Exercise description: When you find the line with "Reparación de puertas" among the records below, reproduce it and each line after it exactly, ending with the line with "異文化との出会いを通して「平".

Working data:
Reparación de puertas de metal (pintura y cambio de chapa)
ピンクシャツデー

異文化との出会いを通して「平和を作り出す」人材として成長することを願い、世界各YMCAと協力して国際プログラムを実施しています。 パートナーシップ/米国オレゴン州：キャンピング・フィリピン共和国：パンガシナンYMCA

---

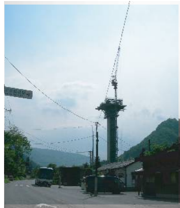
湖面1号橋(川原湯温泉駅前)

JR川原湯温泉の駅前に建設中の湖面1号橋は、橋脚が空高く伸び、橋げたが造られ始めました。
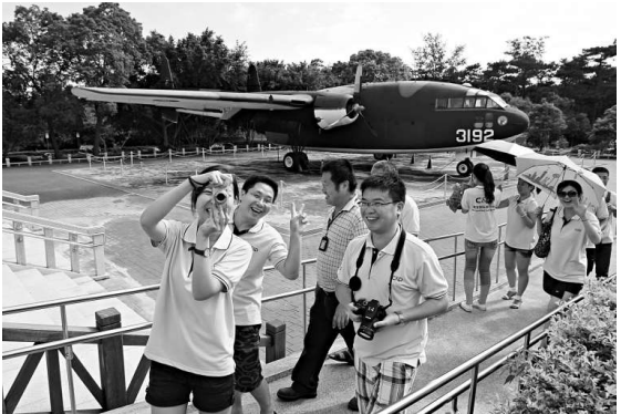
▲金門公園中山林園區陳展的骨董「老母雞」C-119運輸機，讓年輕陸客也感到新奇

Exercise output:
Reparación de puertas de metal (pintura y cambio de chapa)
ピンクシャツデー

異文化との出会いを通して「平和を作り出す」人材として成長することを願い、世界各YMCAと協力して国際プログラムを実施しています。 パートナーシップ/米国オレゴン州：キャンピング・フィリピン共和国：パンガシナンYMCA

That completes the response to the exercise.